Required action. The response should repeat word for word every line below from the one with "Cafetera express CREATE" to the one with "Herbalife Nutrition’s fourth", inclusive, and nothing else; leave pictures out.

Data extracts.
-- Opening Marker --

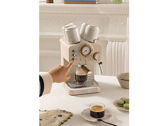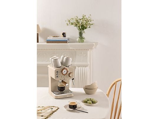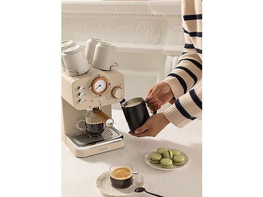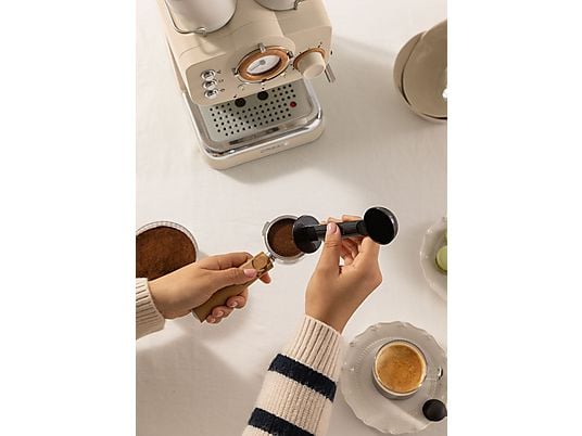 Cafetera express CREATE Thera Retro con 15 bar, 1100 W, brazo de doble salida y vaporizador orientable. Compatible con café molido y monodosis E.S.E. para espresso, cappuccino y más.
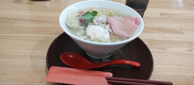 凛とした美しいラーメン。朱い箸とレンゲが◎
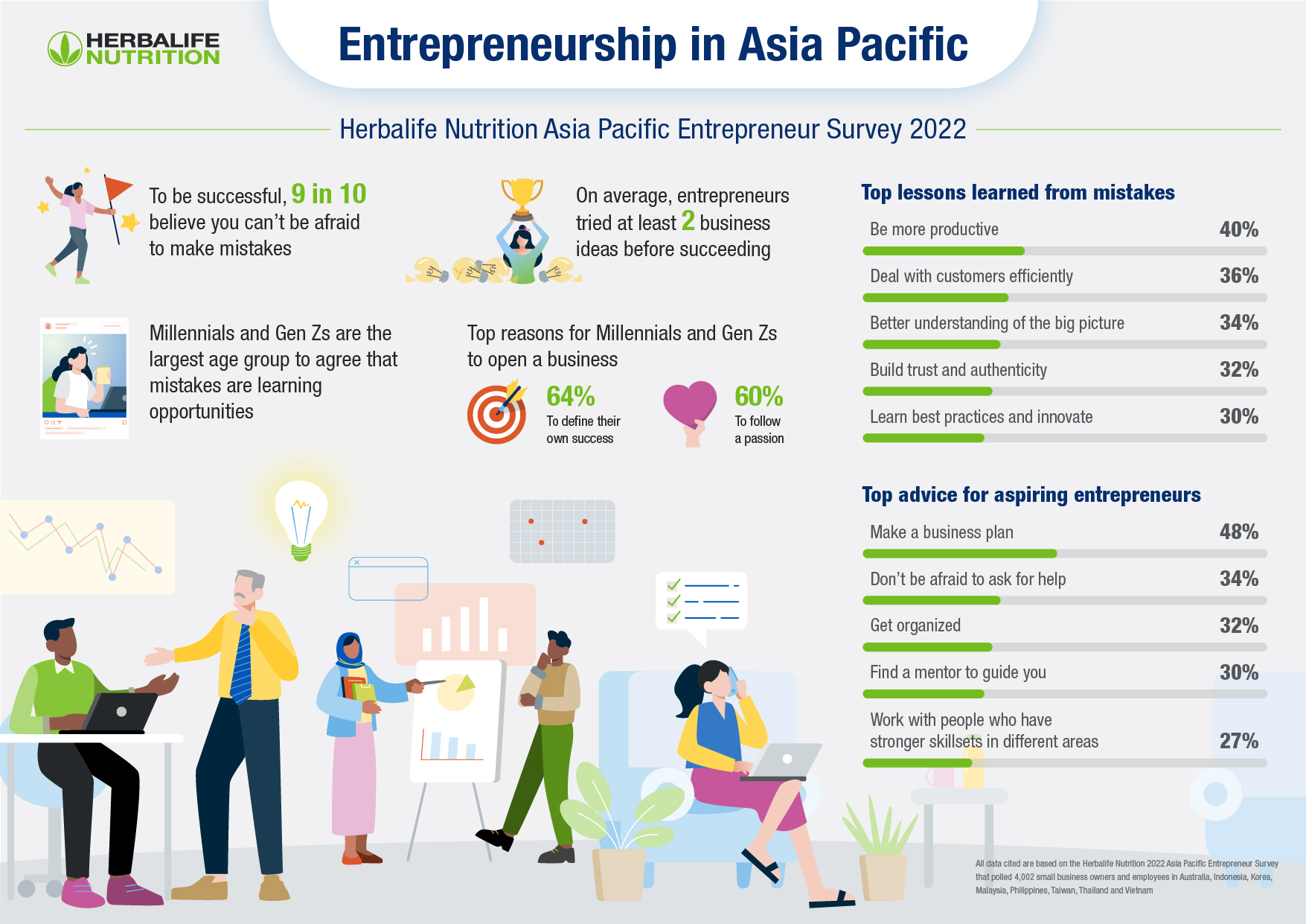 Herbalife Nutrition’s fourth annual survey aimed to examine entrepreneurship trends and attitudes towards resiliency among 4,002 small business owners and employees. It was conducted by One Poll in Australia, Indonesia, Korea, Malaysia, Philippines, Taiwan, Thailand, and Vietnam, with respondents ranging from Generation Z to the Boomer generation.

-- Closing Marker --
-- Opening Marker --

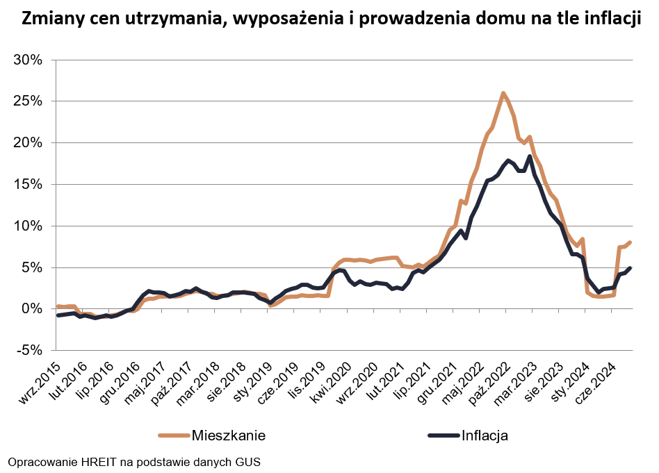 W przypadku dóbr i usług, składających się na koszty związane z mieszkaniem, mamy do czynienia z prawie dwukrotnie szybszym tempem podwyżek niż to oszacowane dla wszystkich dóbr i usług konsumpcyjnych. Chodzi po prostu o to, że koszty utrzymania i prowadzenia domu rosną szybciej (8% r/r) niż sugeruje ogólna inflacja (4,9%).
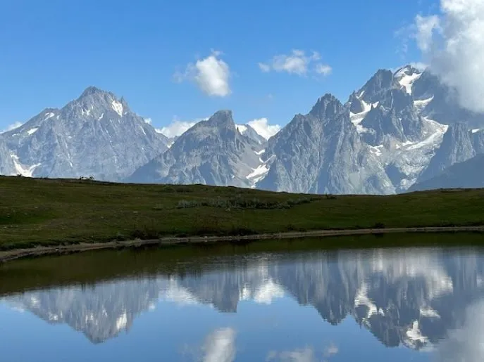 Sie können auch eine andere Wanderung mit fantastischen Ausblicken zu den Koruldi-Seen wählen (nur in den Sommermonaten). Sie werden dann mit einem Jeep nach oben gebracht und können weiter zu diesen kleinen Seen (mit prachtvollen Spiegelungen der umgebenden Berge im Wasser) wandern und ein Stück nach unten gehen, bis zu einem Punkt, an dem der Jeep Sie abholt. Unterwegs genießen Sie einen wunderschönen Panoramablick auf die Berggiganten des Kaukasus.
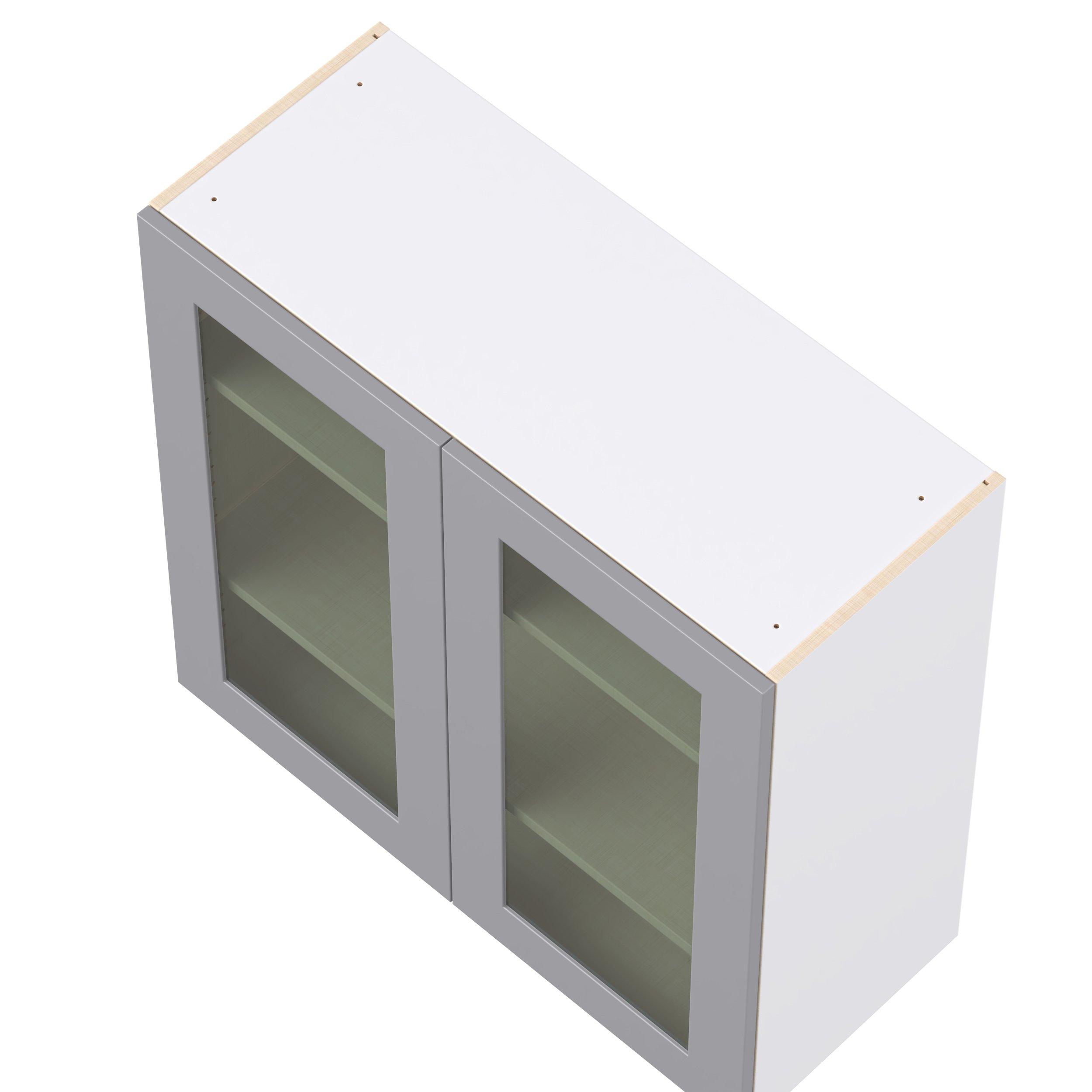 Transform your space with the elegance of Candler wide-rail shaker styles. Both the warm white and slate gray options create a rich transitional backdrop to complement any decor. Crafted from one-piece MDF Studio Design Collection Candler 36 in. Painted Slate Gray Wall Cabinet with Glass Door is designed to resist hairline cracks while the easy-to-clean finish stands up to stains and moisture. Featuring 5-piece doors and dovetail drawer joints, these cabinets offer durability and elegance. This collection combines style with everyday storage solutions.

-- Closing Marker --

Exercise output.
 Cafetera express CREATE Thera Retro con 15 bar, 1100 W, brazo de doble salida y vaporizador orientable. Compatible con café molido y monodosis E.S.E. para espresso, cappuccino y más.
 凛とした美しいラーメン。朱い箸とレンゲが◎
 Herbalife Nutrition’s fourth annual survey aimed to examine entrepreneurship trends and attitudes towards resiliency among 4,002 small business owners and employees. It was conducted by One Poll in Australia, Indonesia, Korea, Malaysia, Philippines, Taiwan, Thailand, and Vietnam, with respondents ranging from Generation Z to the Boomer generation.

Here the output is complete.